Some organizations haven’t realized this yet, or haven’t articulated it, but we need artists. Artists are people with a genius for finding a new answer, a new connection, or a new way of getting things done. That would be you.
Seth Godin
Bleibt noch eine wesentliche Quelle der Ablenkung auszuschalten oder zu minimieren. Wie Niklas Göke erschreckend feststellt, benutzen wir unser Smartphone jeden Tag im Schnitt für 2,5 Stunden. Daran können und sollten wir etwas ändern, denn weder die Hersteller der Smartphones noch die Betreiber der Apps und insbesondere nicht die großen Plattformen wie Facebook und Co. haben ein Interesse daran, dass wir uns weniger stören lassen. Im Gegenteil tun sie alles dafür, dass wir unser Smartphone möglichst oft in die Hand nehmen und möglichst viel Zeit damit verbringen. Wie im Artikel von Niklas Göke beschreiben, gibt es zum Glück ein paar einfache Tricks und nützliche Einstellungen, wie man dem entgegenwirken kann und das Smartphone wieder zu einem sinnvollen Werkzeug wird das unserem Willen gehorcht ohne dass wir seiner Verführung zu sehr erliegen.
4 Kommentare
Hi Marcus, danke für deinen Artikel. Wir haben bei uns in der OstseeSparkasse, wo ich in Rostock arbeite, auch die Herausforderung kollaborativ zusammen zu arbeiten – und dabei möglichst effektiv zu sein. Dabei haben wir eine Open Door Policy, die ich gut finde und wir experimentieren mit Großraumbüros. Klar ist, dass die Kommunikation und Transparenz durch beides gefördert wird, aber auch Ablenkungen gibt es natürlich mehr. Ich arbeite dann für meinen Teil auch mit Arbeitsblöcken im Kalender und versuche Ablenker wie Mail nur noch in Blöcken zu bearbeiten. Dazu haben wir ein Social Intranet, was auch schon mal den E‑Mail-Wahnsinn reduziert. Dazu passt ja dein anderer Artikel auch gut mit den Friedhöfen.Und das Handy in den Griff zu kriegen bleibt natürlich eine der größten Challenges. Habe dazu auch gerade was gebloggt, als ich mal eine Woche ohne Smartphone lebte ;) BG, Gabriel
Hi Gabriel, vielen Dank für deine Ergänzungen. Wie so oft, macht die Dosis das Gift. Ich wollte nur darauf hinaus, dass wir und mal über diese Dosis unterhalten müssen. Aus meiner Sicht haben wir eine Überdosis an Kommunikation … Hinsichtlich Gestaltung der Arbeitswelt und der Bürolandschaften gefällt mir eigentlich der Begriff Caves & Commons ganz gut.

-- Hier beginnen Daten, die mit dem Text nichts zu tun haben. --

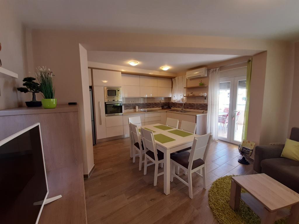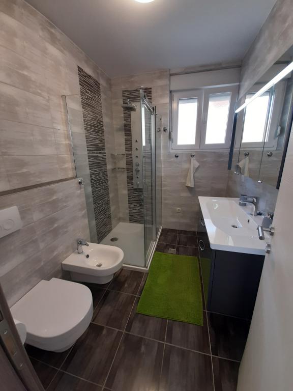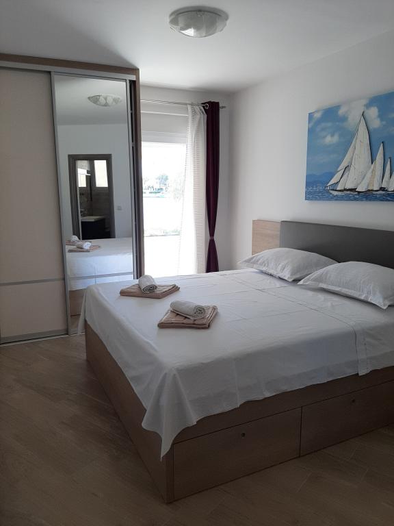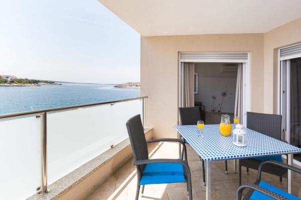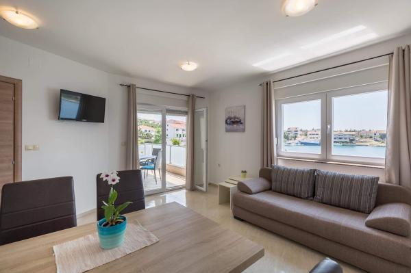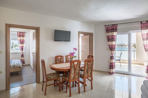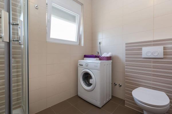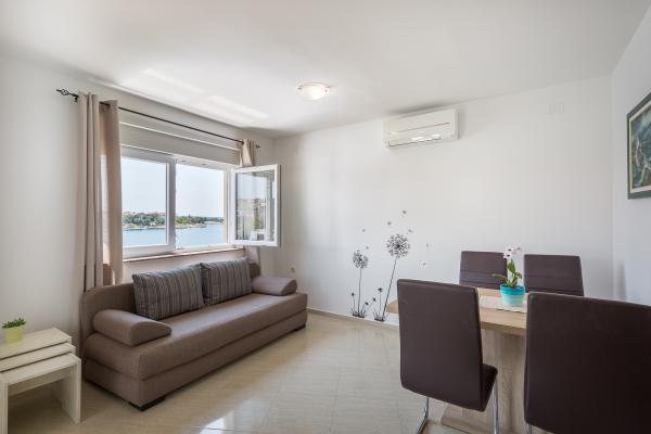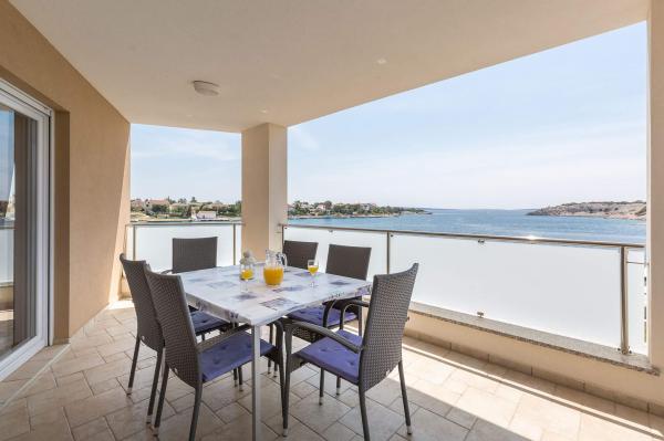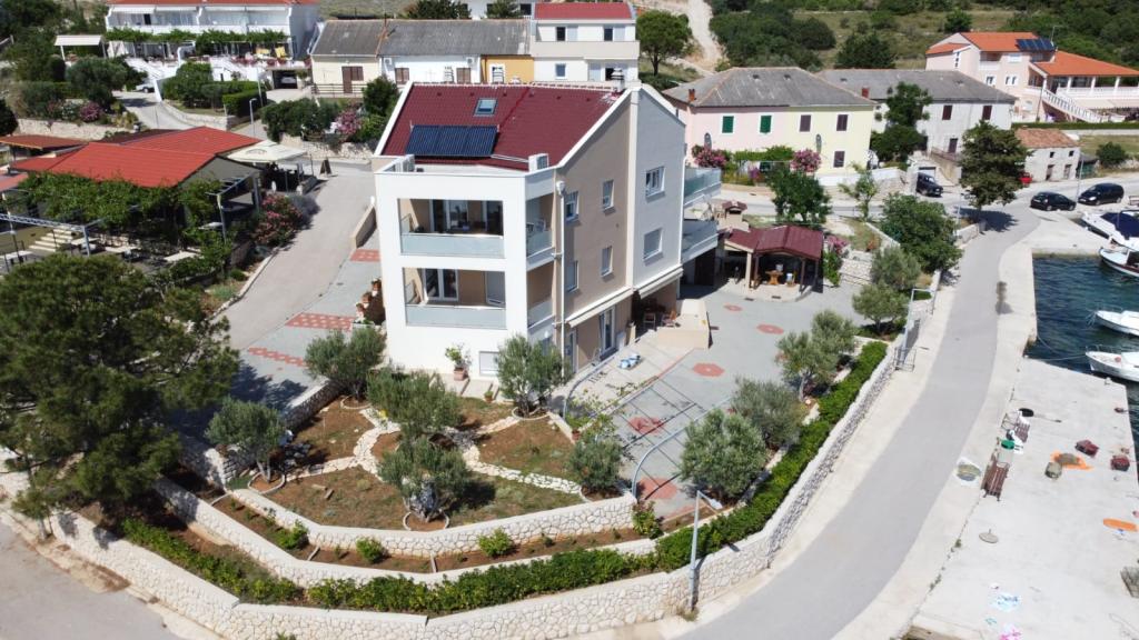 Apartamentele noi și complet echipate sunt situate în micul sat de pescari Šimuni, ideal pentru o vacanță de familie. Fiecare apartament are propria sa terasă acoperită cu vedere frumoasă la mare. In curtea casei se afla un gratar, un dus de gradina. Este asigurată parcare pentru mașină. In imediata apropiere a apartamentului se afla un magazin, o piata de peste, restaurante si o casa de schimb valutar.

Wichtiges Thema, weil das bei einigen Menschen wahrscheinlich für eine nicht zu knappe Menge an Leid führt.
Was mich aber interessieren würde: bei dem Experiment mit den meetingfreien Tagen wurde wirklich nur auf die Angaben der Entwickler geguckt?
Aus dem o.g Blickwinkel des leidenden Entwicklers find ich das zwar gut; gleichzeitig wirft es Fragen zur Stichhaltigkeit auf. Die Frage wäre, ob sich die wahrgenommene Produktivität auch mit dem tatsächlichen Output deckt. Zumindest wäre das für Entscheider der mittleren bis alten Schule wahrscheinlich überzeugender ;-)
Das ist eine berechtigte Frage und ich kann über die Antwort auch nur spekulieren. Ich gehe aber schon davon aus, dass sich auch die Produktivität in Summe bei Pinterest dadurch erhöht hat und dass die gefühlte Produktivität der Entwickler damit korreliert.